Никогда даже не пытался подвести черту под конкретную дату. СУ - не рассматриваю как антидепрессант. Для меня это скорее "аварийный выход", которым можно воспользоваться единожды. Хотя... Возможен и спонтанный порыв. Но с годами спонтанности всё меньше.

----------


## diabolus

*Julia-q*
как хорошо вы всё расписали тут. 
и за историю про вешаться спасибо.

----------


## vega

наверное большинство останавливает вот это "может все наладится"

----------


## Aare

> наверное большинство останавливает вот это "может все наладится"
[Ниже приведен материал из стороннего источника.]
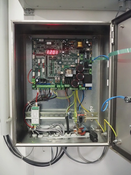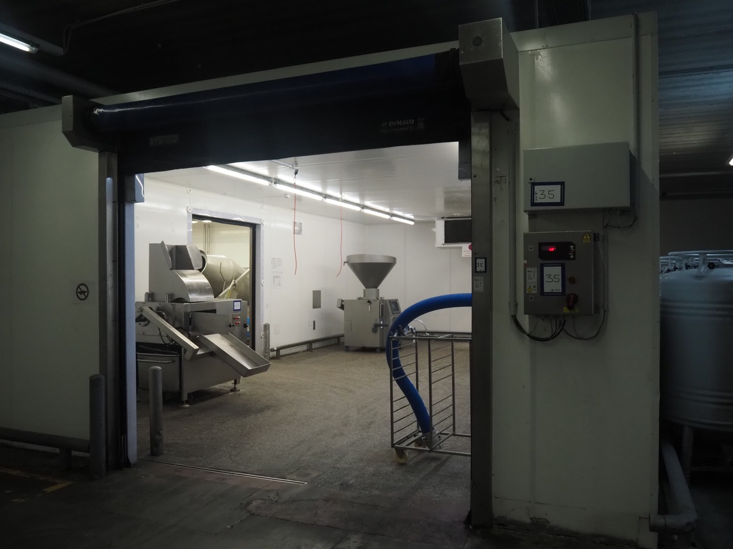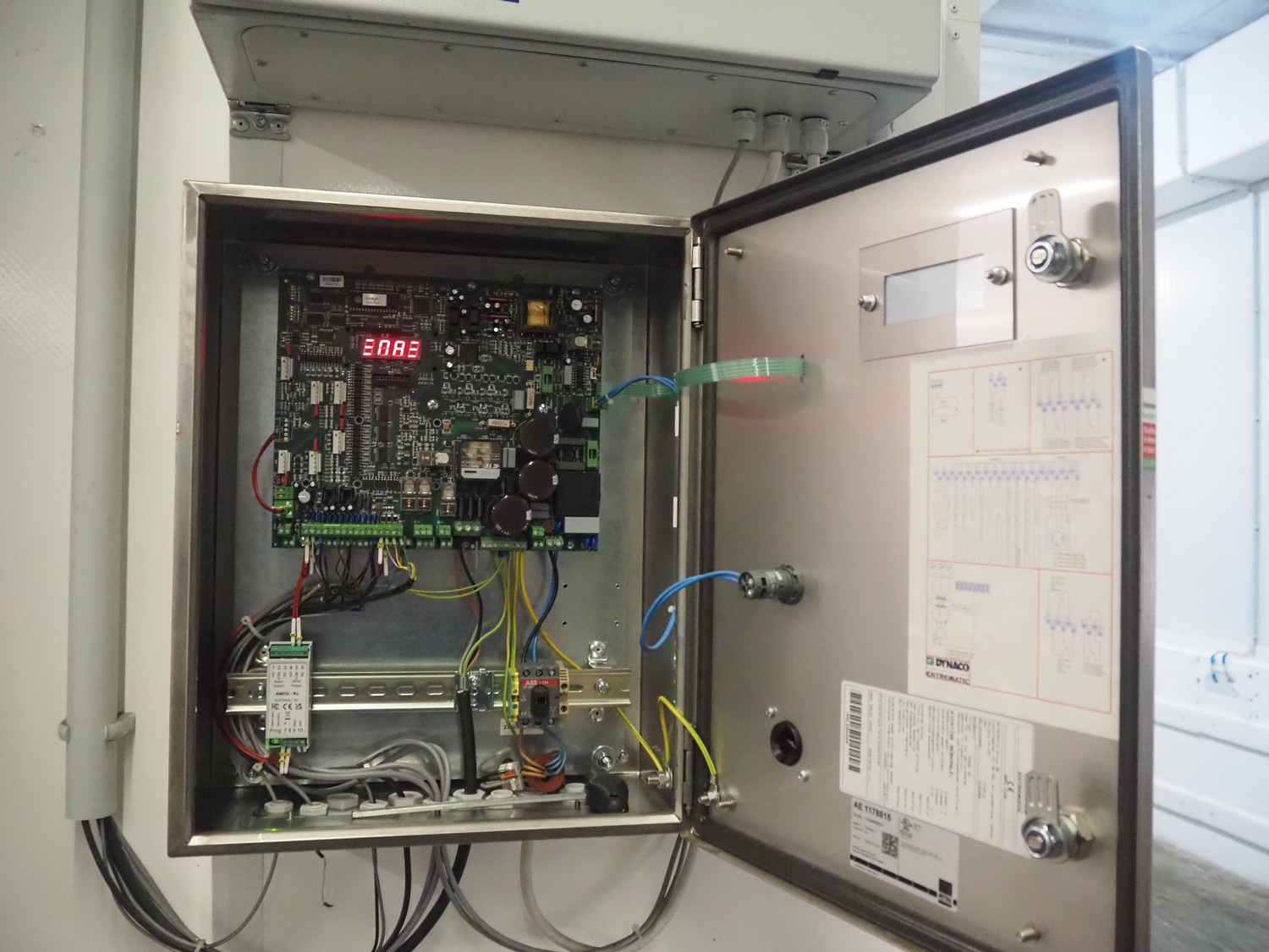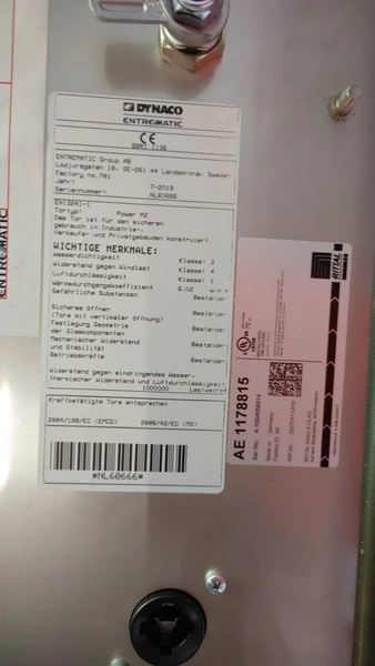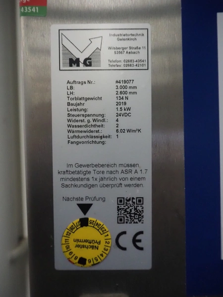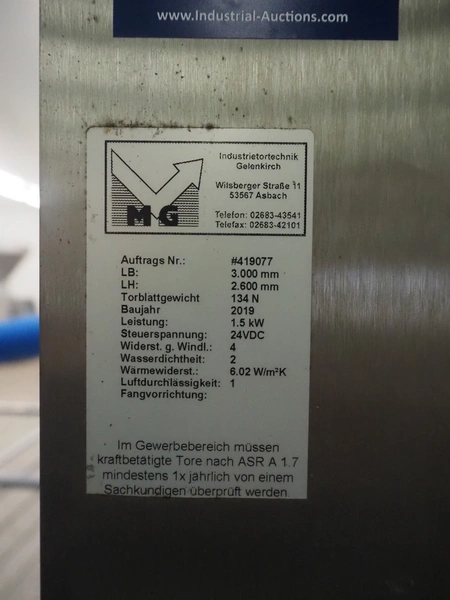 Dynaco electric high speed shutter door, door type: Power M2, serial number: NL60666, year of construction: 07-2019, dimensions door: 3000 mm x 2680 mm, dimensions switch cabinet: 400 mm x 230 mm x 500 mm and 600 mm x 200 mm x 380 mm.

 С этим всегда самая проблема. Ведь в самом деле все может наладиться, пока уже ты не лежишь в могиле.

----------


## microbe

> Какой смысл назначать дату? Дыши пока дышится.


 Согласен.

----------


## microbe

Депрессивная апатия уже надоела, хочется как-то выйти уже из такого состояния. Но как! Я не смогу, однажды мысль и действие навсегда заставляет то...

----------


## Бессмысленный

> Депрессивная апатия уже надоела, хочется как-то выйти уже из такого состояния. Но как! Я не смогу, однажды мысль и действие навсегда заставляет то...


 То же самое ощущение. Чувствую себя опустошенным. Как будто все свои задания на этом свете выполнил. И обратного пути нет.

----------


## microbe

*Бессмысленный*, нам неведомо все замыслы в этом бытие, так что жизнь идёт своим чередом как не крути.

----------


## старый_параноик

да однажды отложил дату су...это было после 2-й почти удачной попытки...я тогда пообещал одному человеку, что раньше его не уйду...

----------